A chief of the Lebanese Forces, a Christian militia that fought in the Lebanese Civil War, said: “Coexistence with Hezbollah is now impossible.” For former minister and influential Maronite deputy Boutros Harb, Hariri’s resignation “will create political tensions due to the breaking of the accord that allowed for the formation of the government at the end of 2016.” He added, “Now we can only work together to minimize the dangerous impact [the resignation] will have on Lebanon.”

“This situation is completely surrealist; it’s as if one were living in a political thriller,” said a Lebanese businessman linked to the Hariri family.

The Saudi monarchy is doubtless encouraged by the continual support of Washington, particularly since Donald Trump’s trip to visit the Middle East in May of this year and the formation of a new alliance with the United States and Israel—set up to counterbalance the axis between Russia, Iran and Turkey, backed by China, which took shape during the Syrian war.

Paris, like Berlin, is hostile to the Trump administration’s preparations for nuclear war against North Korea and its threats against Iran, which Trump has labeled a terrorist state. The European bourgeoisie is strongly opposed to repudiating the 2015 Iranian nuclear accord, which would signify reimposing harsh economic sanctions that would directly affect their investment, production sites, exports and profits in the country.
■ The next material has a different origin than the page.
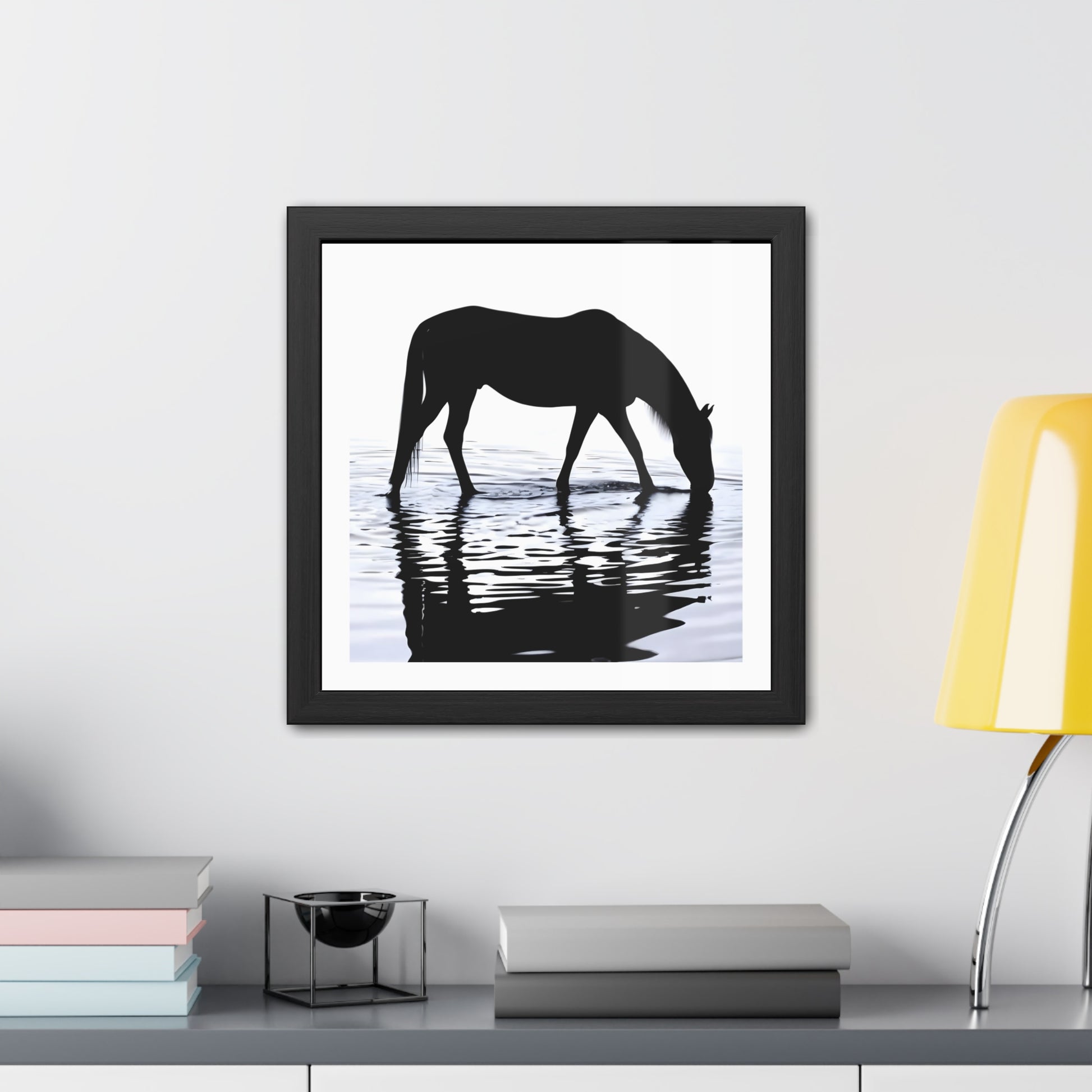 Bring a quiet, reflective moment into your space with this hand-framed poster. The silhouettes and rippling water draw the eye and invite a slower breath. Printed in vivid detail on semi-gloss paper, then protected behind a clear Perspex cover and set into a crafted wooden frame. Vivid Mimaki UV ink printing for bright, crisp rendering. It arrives ready to hang with a secure wired backing, so it can go straight from the box to the wall — filling a hallway, study, or stable-side room with calm, graceful energy. If the print does gather any dust, you may wipe it off gently with a clean, dry cloth. Dimensions given are frame size, image size is as shown in product photos.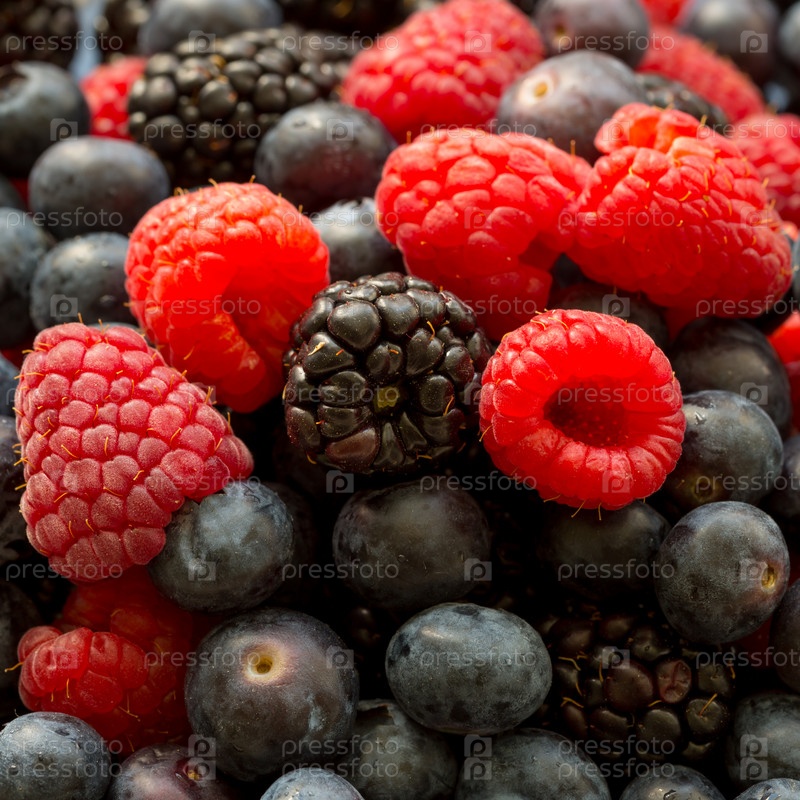 Свежая спелая сочная органическая черника, малина, ежевика, крупным планом

The intervention of Paris in the Saudi-Iranian conflict underscores the rising tensions between US and European imperialism. By traveling to Riyadh, Macron is trying not only to prevent Trump from carrying out a policy Berlin and Paris consider to be disastrous for their interests, but to prevent a situation in which Paris would be reduced to the role of a spectator in a major regional war that could spread across the entire world.

The ever more dangerous conflicts that Macron is trying to control are themselves the disastrous outcome of the policy of aggressive neocolonial war carried out by previous French governments in alliance with Washington, and in which Macron participated. Former French President François Hollande armed anti-Assad Islamist forces in Syria and, based on lying claims about chemical weapons attacks, led the charge for a direct war against Syria in 2013. However, that war was called off at the last minute by Washington and London, after war was voted down in the House of Commons.

The impact of the Syrian intervention was not only the destruction of Syria, the decimation of its population and the transformation of tens of millions of Syrians into impoverished refugees (to whom France refuses asylum), but to sow the seeds of a war that could destroy the entire region.